Le Conseil des Etats a fait l'objet d'attaques de la part de milieux qui lui reprochent d'être une Chambre essentiellement conservatrice; nous y reviendrons à propos des projets de revision de la Constitution [30]. Il convient néanmoins de mentionner ici, à propos de l'autre Chambre fédérale, le petit pas qui a été franchi en 1968, par le travers d'une revision des indemnités touchées par les conseillers nationaux, vers un parlement professionnel. En effet, sur proposition de la commission des finances, l'indemnité journalière, élevée à 70 francs, a été complétée d'une indemnité annuelle fixe de 3000 francs; le Conseil national s'est en outre attribué un abonnement général de chemin de fer, mais le Conseil des Etats l'a contraint, alors que des menaces de référendum prenaient corps, à revenir au système de l'indemnité kilométrique, d'ailleurs plus rémunérateur [31]. Au cours de la discussion, il a été dit qu'on se trouvait à la veille de transformations plus radicales; même le comité constitué en vue d'un éventuel référendum a admis le principe d'un dédommagement complet des conseillers salariés et indépendants qui doivent payer un remplaçant pendant leurs absences, à l'exclusion des magistrats et des fonctionnaires d'association qui sont déjà des politiciens professionnels [32]. Lors des mêmes délibérations, les traitements des membres du Conseil fédéral, du Chancelier, des juges au Tribunal fédéral et au Tribunal fédéral des assurances ont été considérablement augmentés, de façon à en fixer le montant à un niveau adapté aux salaires des fonctionnaires [33].

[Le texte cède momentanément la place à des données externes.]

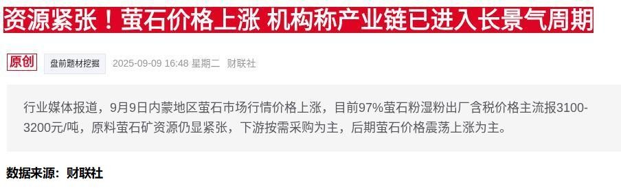 最近内蒙地区的萤石价格涨得那叫一个欢实,97%萤石粉湿粉出厂价已经飙到3100-3200元/吨。看着这张价格走势图,多少人眼睛都绿了。
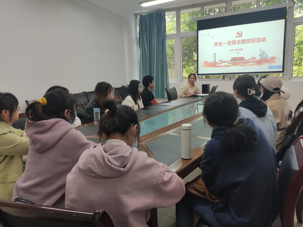 10月29日,学生一支部在慧智楼90528会议室开展10月份的党史学习教育暨主题党日活动,会议由支部书记张小焕老师主持。

Revenons, après ces quelques notes sur les aménagements apportés aux institutions, aux problèmes fondamentaux du pouvoir et de l'opposition. Si l'on s'arrête d'abord aux partis politiques, on doit constater que le gouvernement collégial, multiparti, tel que nous le connaissons, exclut pratiquement le système des coalitions et l'existence permanente d'une opposition parlementaire intégrée et forte. En effet, les partis d'opposition actuels, l'Alliance des Indépendants et le Parti du Travail, ne paraissent pas en mesure de servir de catalyseur, même s'ils attirent de plus en plus les électeurs mécontents; ils ne peuvent, étant trop différents l'un de l'autre, former un bloc comparable à celui que les conservateurs d'abord, les socialistes ensuite ont joué dans l'histoire de l'opposition suisse; de plus en plus enfin, tout en continuant à se considérer comme les tenants de l'opposition systématique, ils glissent vers l'opposition occasionnelle telle que la pratiquent les partis gouvernementaux [34]. Au sein de ceux-ci, les positions affirmées au sujet du programme gouvernemental montrent que les radicaux et les conservateurs ont cherché à créer un clivage de façon à clarifier les options; les socialistes ont refusé de se prêter à une manoeuvre qui leur paraît artificielle. L'alternative pouvoir-opposition dans le système collégial, si elle devait se traduire par des exclusions, entraînerait bientôt une paralysie de la législation au moyen du référendum [35]. Les partis gouvernementaux eux-mêmes ont toujours dei compter, comme une étude l'a révélé, avec une assez forte opposition interne qui a assumé le rôle de soupape de sûreté, et qui les empêche de s'engager dans une véritable coalition [36].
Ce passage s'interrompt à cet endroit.